◆ Exercise prompt ◆
Nothing but the lines from the one containing "Nr. 17: Vorläufige" through the last line of the data below should be returned, each exactly as it stands, pictures excluded.

◆ Data for review ◆
╔══

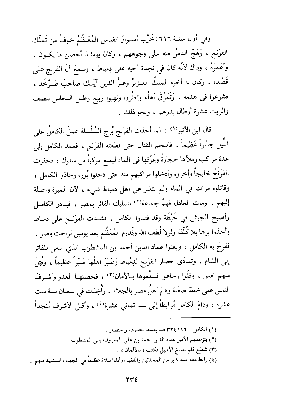 قَالَ ابْنُ الأَثِيْرِ (1) : لَمَّا أَخذَتِ الفِرَنْجُ برجُ السِّلْسِلَةِ، عَمِلَ الكَامِلُ عَلَى النِّيلِ جِسْراً عَظِيْماً، فَالتحَمَ القِتَالُ حَتَّى قطعَتْهُ الفِرَنْجُ، فَعمدَ الكَامِلُ إِلَى عِدَّةِ مَرَاكِبَ، وَملأَهَا حجَارَةً وَغَرَّقَهَا فِي المَاءِ ليمنَعَ مَرْكَباً مِنْ سُلُوْكٍ، فَحَفَرَتِ الفِرَنْجُ خَلِيْجاً وَأَخَّرُوهُ، وَأَدخلُوا مَرَاكِبَهُم مِنْهُ، حَتَّى دَخَلُوا بُورَةً، وَحَاذَوُا الكَامِلَ، وَقَاتَلُوْهُ مَرَّاتٍ فِي المَاءِ، وَلَمْ يَتغَيَّرْ عَنْ أَهْلِ دِمْيَاطَ شَيْءٌ، لأَنَّ المِيْرَةَ وَاصِلَةٌ إِلَيْهِم، وَمَاتَ العَادلُ، فَهَمَّ جَمَاعَةٌ (2) بِتَملِيكِ الفَائِزِ بِمِصْرَ، فَبَادرَ الكَامِلُ وَأَصْبَحَ الجَيْشُ فِي خَبْطَةٍ، وَقَدْ فَقَدُوا الكَامِلَ، فَشدَّتِ الفِرَنْجُ عَلَى دِمْيَاطَ، وَأَخَذُوا بَرَّهَا بِلاَ كُلْفَةٍ، وَلَوْلاَ لُطْفُ اللهِ وَقُدومُ المُعَظَّم بَعْدَ يَوْمَيْنِ لَرَاحتْ مِصْرُ، فَفَرحَ بِهِ الكَامِلُ، وَبعثَوا عِمَادَ الدِّيْنِ أَحْمَدَ بنَ المَشْطُوْبِ الَّذِي سَعَى لِلْفَائِزِ إِلَى الشَّامِ، وَتَمَادَى حِصَارُ الفِرَنْجِ لدِمْيَاطَ، وَصَبَرَ أَهْلُهَا صَبْراً عَظِيْماً، وَقُتِلَ مِنْهُم خلقٌ، وَقَلُّوا وَجَاعُوا، فَسلَّمُوهَا بِالأَمَانِ (3) ، فَحَصَّنَهَا العَدُوُّ، وَأَشرفَ النَّاسُ عَلَى خِطَّةٍ صَعْبَةٍ، وَهَمَّ أَهْلُ مِصْرَ بِالجلاَءِ، وَأُخِذَتْ فِي شَعْبَانَ سَنَةَ سِتَّ عَشْرَةَ، وَدَامَ الكَامِلُ مُرَابِطاً إِلَى سَنَةِ ثَمَانِي عَشْرَةَ (4) ، وَأَقْبَلَ الأَشْرَفُ مُنْجِداً
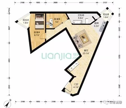 左下方向,像一個(gè)張開(kāi)嘴的惡魔。兩室一廳一廚一衛(wèi)雙陽(yáng)臺(tái)。西北方向和東北方向兩個(gè)觸角式陽(yáng)臺(tái)完成了房間的全部采光。
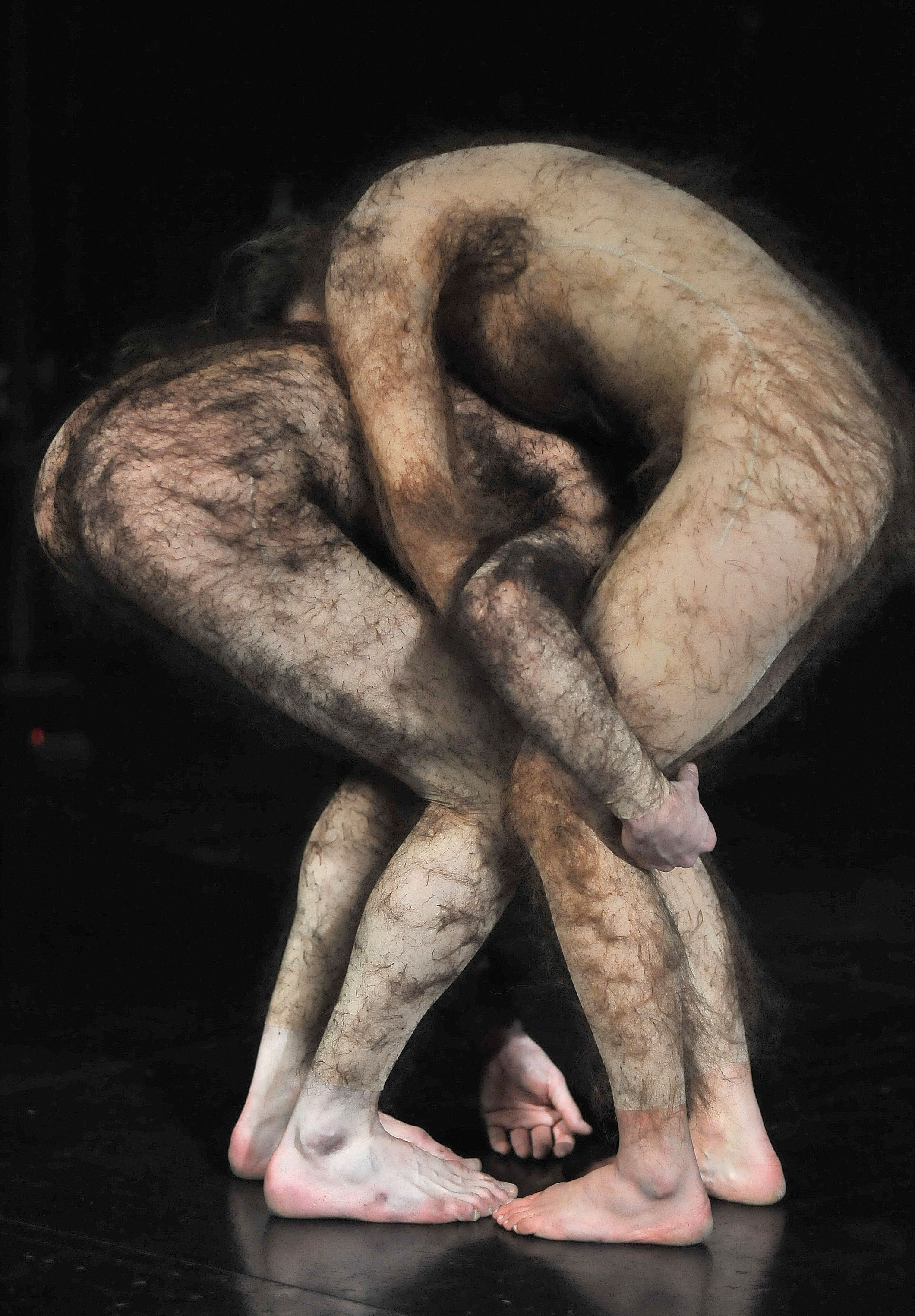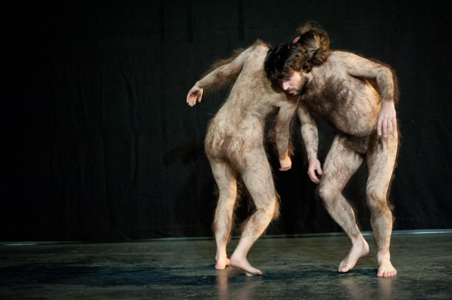 In »Halt mir einen Platz frei,bis ich anders wieder da bin« ergründen Angela Schubot und Martin Clausen als monströse Irrlichter, als Mischwesen aus Mann, Frau und Tier, die Möglichkeiten des Wandels und der Veränderung. Das Verschwinden und Verändern von Gefühlen, Körpern und Gedanken scheint an Übergängen zu wohnen. Beim Versuch, in dieses Dazwischen zu gelangen, zerlegen TWO FISH Sprache und Bewegung in ihre Einzelteile.
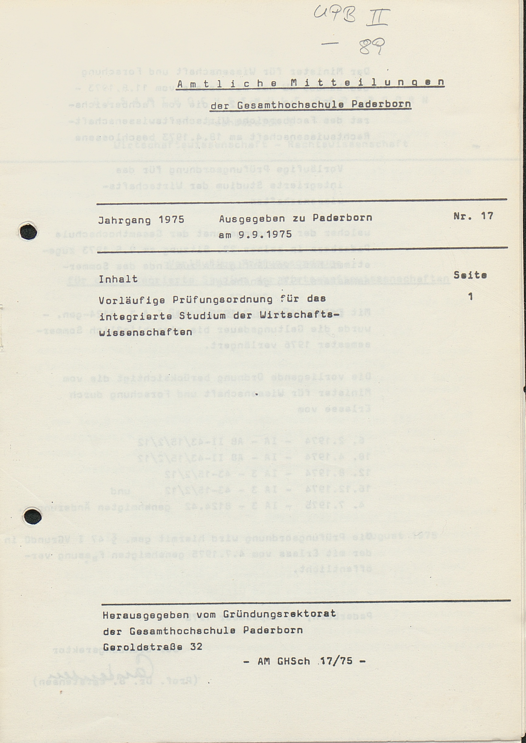 Nr. 17: Vorläufige Prüfungsordnung für das integrierte Studium der Wirtschaftswissenschaften[...]
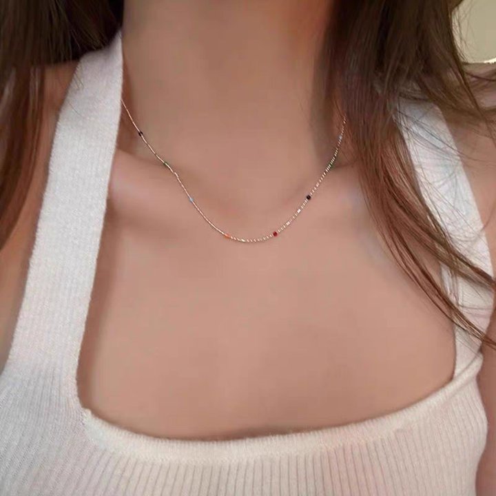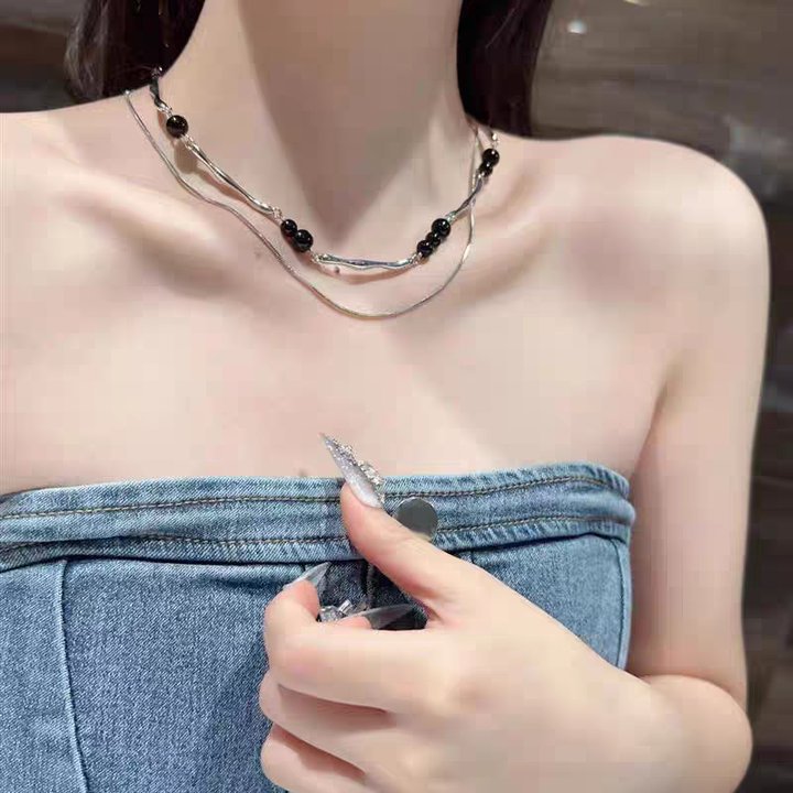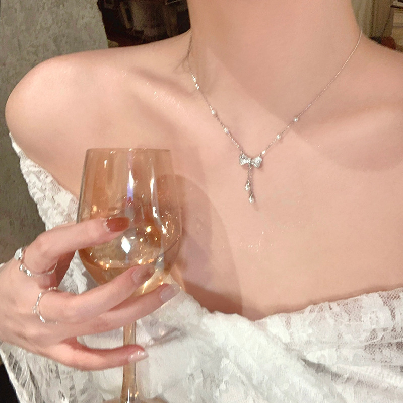 Color: 46#White crystal butterfly double chain collarbone necklace
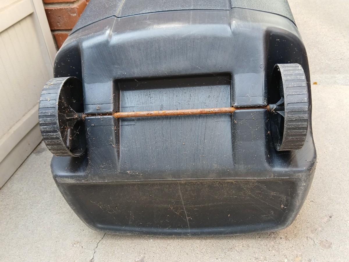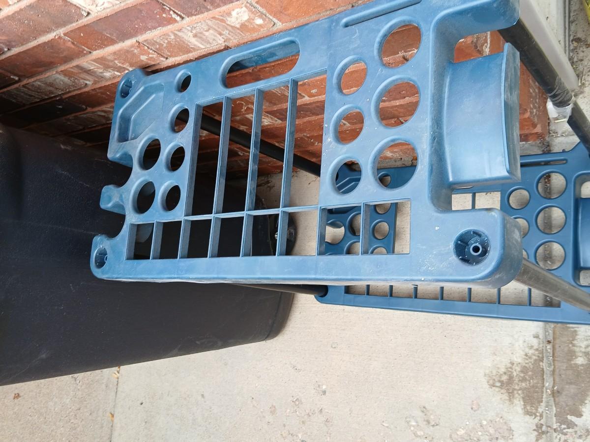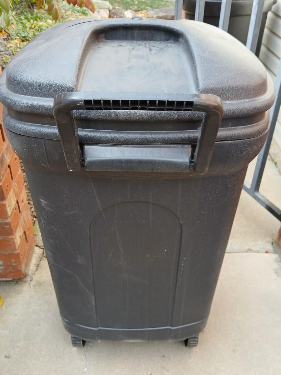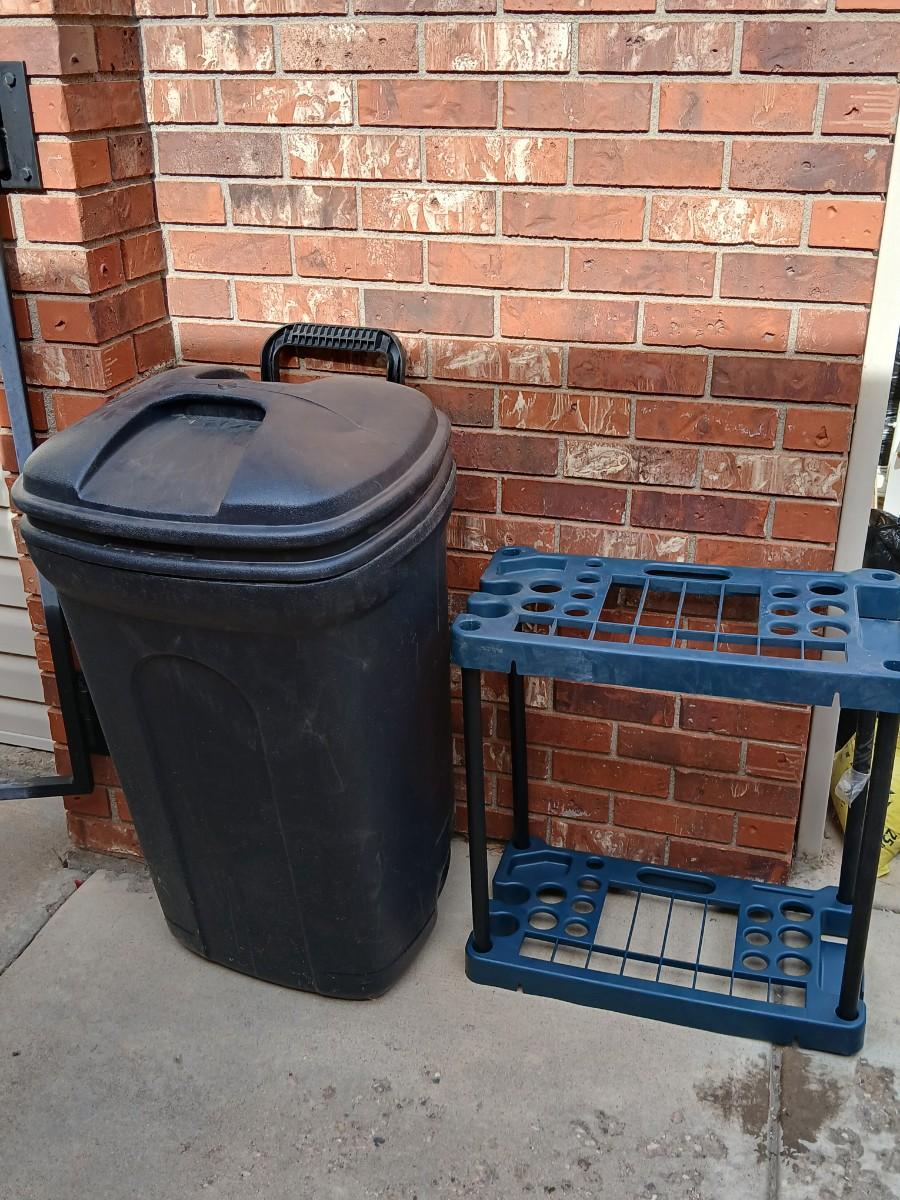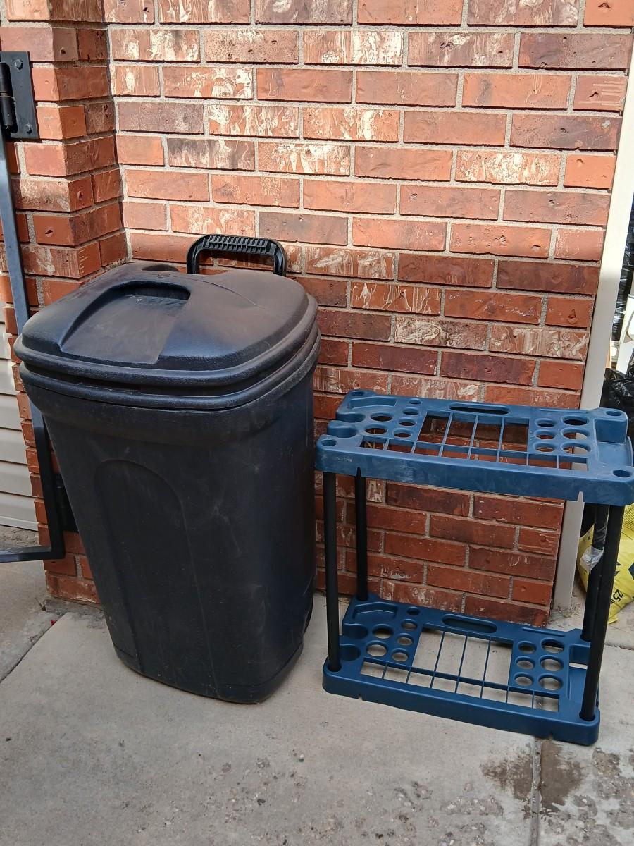 Wheeled trashcan with lid and a yard tool organizer
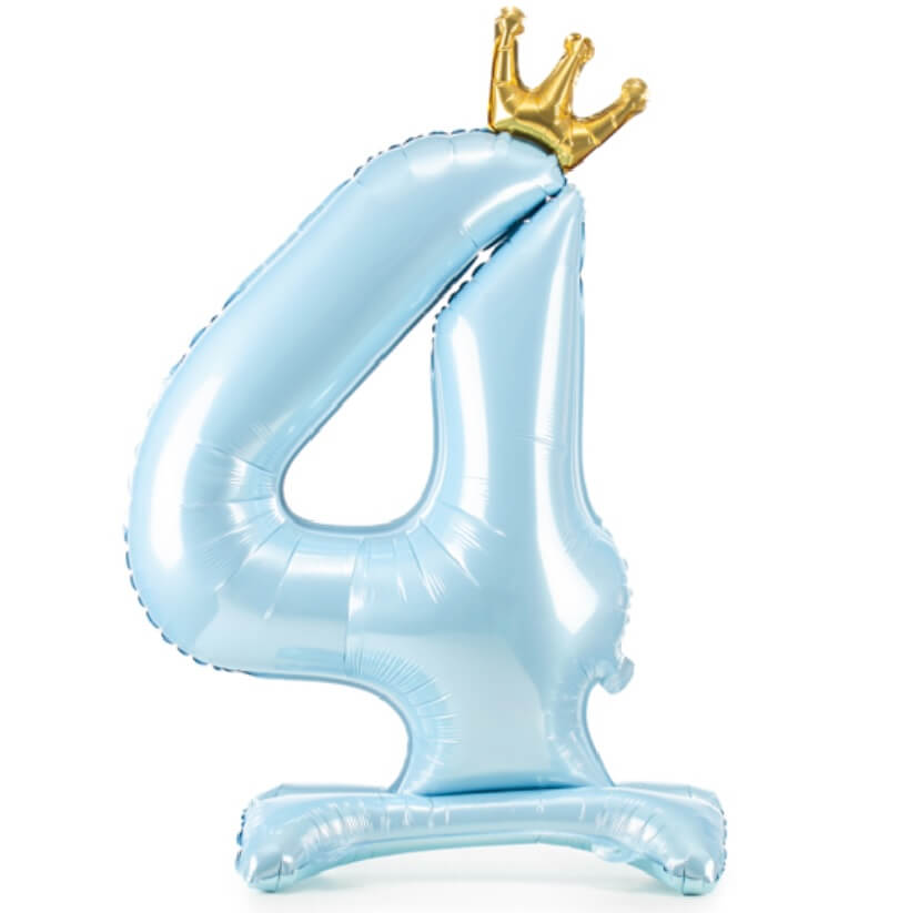 Stojący balon foliowy Cyfra 4, błękitna z koroną, 84 cm
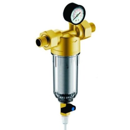 Фильтр механической очистки Гейзер Бастион 112 муфтовый (НР/НР), ПВХ, со сливом, с манометром Ду 20 (3/4")
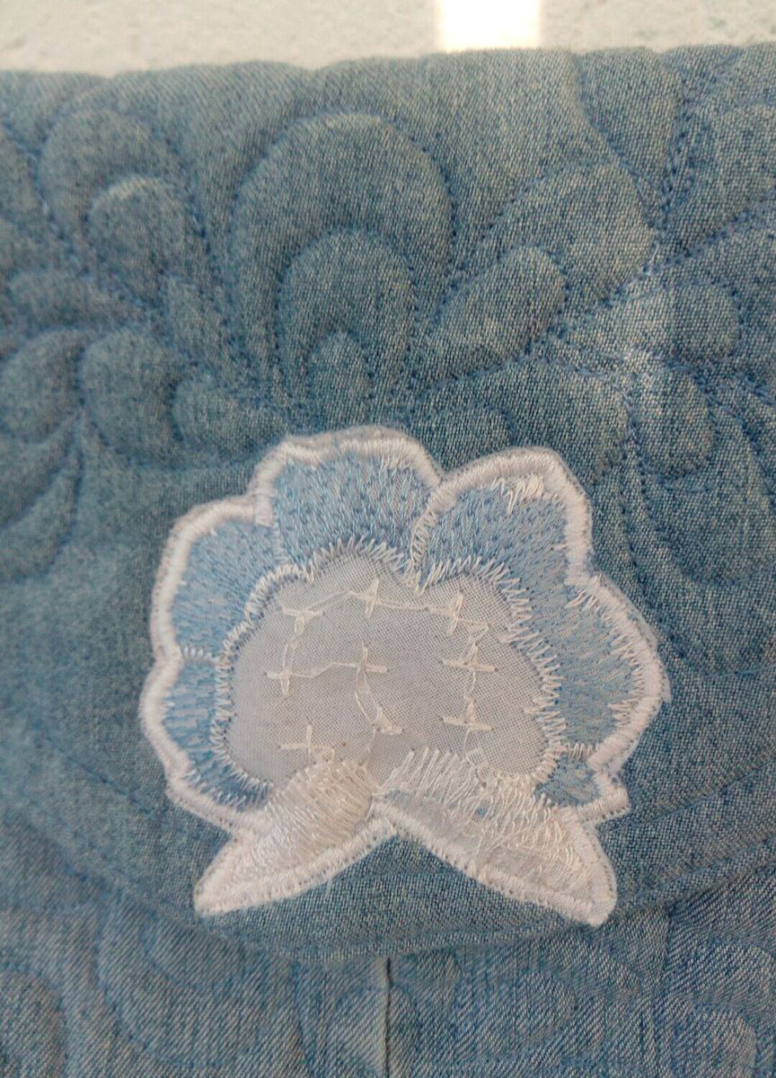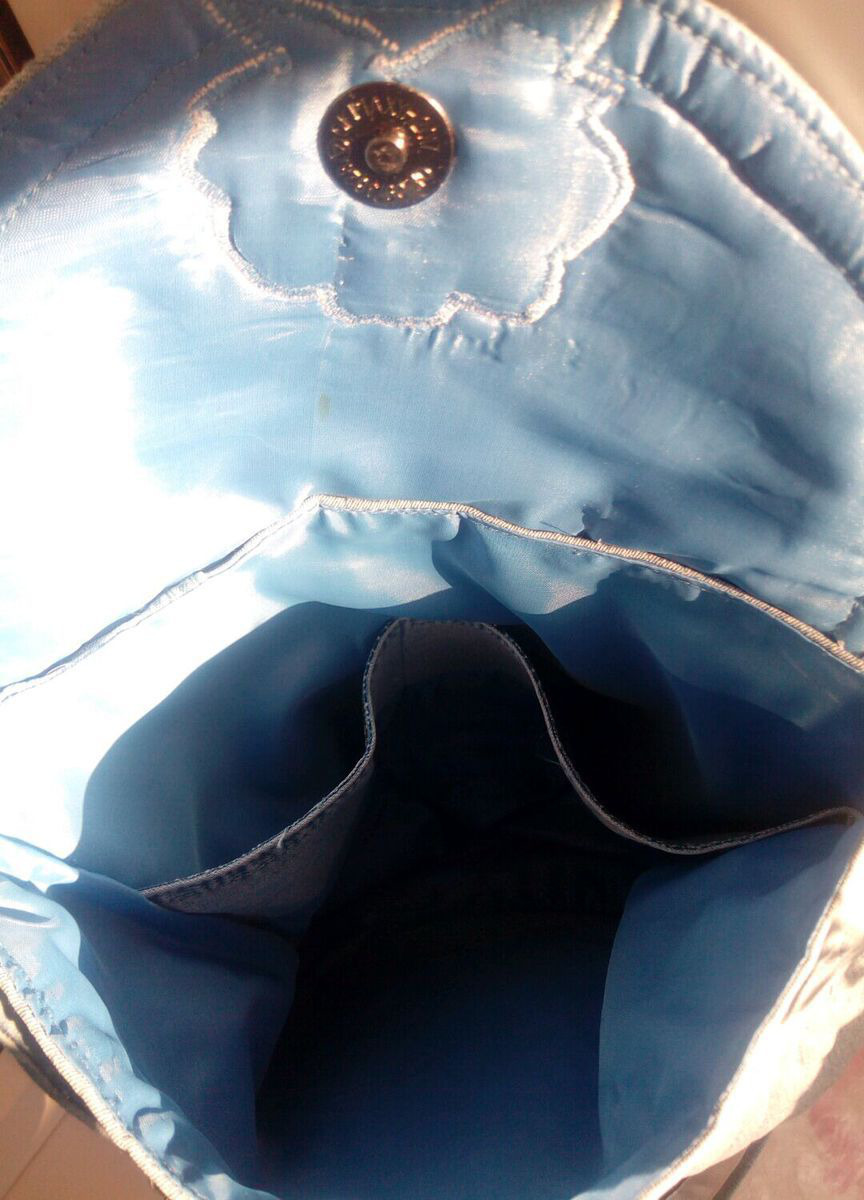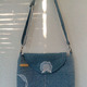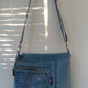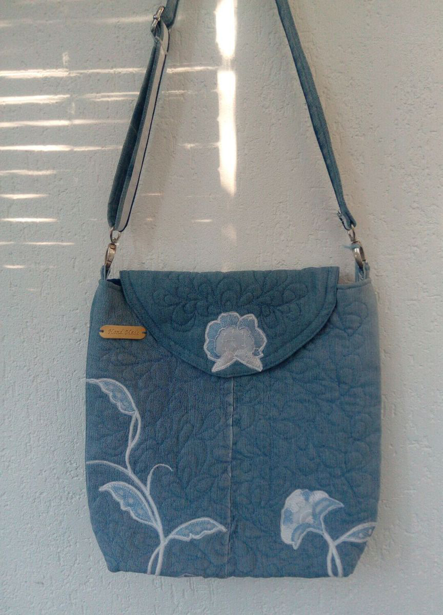 Джинсовая сумочка через плечо с регулируемым ремешком и клапаном. Украшена аппликацией и стежкой.Легкая, удобная, универсальная.Карман на молнии сзади и два внутренних кармана.Застегивается на магнитную кнопку

╚══

◆ Response to this exercise ◆
 Nr. 17: Vorläufige Prüfungsordnung für das integrierte Studium der Wirtschaftswissenschaften[...]
 Color: 46#White crystal butterfly double chain collarbone necklace
 Wheeled trashcan with lid and a yard tool organizer
 Stojący balon foliowy Cyfra 4, błękitna z koroną, 84 cm
 Фильтр механической очистки Гейзер Бастион 112 муфтовый (НР/НР), ПВХ, со сливом, с манометром Ду 20 (3/4")
 Джинсовая сумочка через плечо с регулируемым ремешком и клапаном. Украшена аппликацией и стежкой.Легкая, удобная, универсальная.Карман на молнии сзади и два внутренних кармана.Застегивается на магнитную кнопку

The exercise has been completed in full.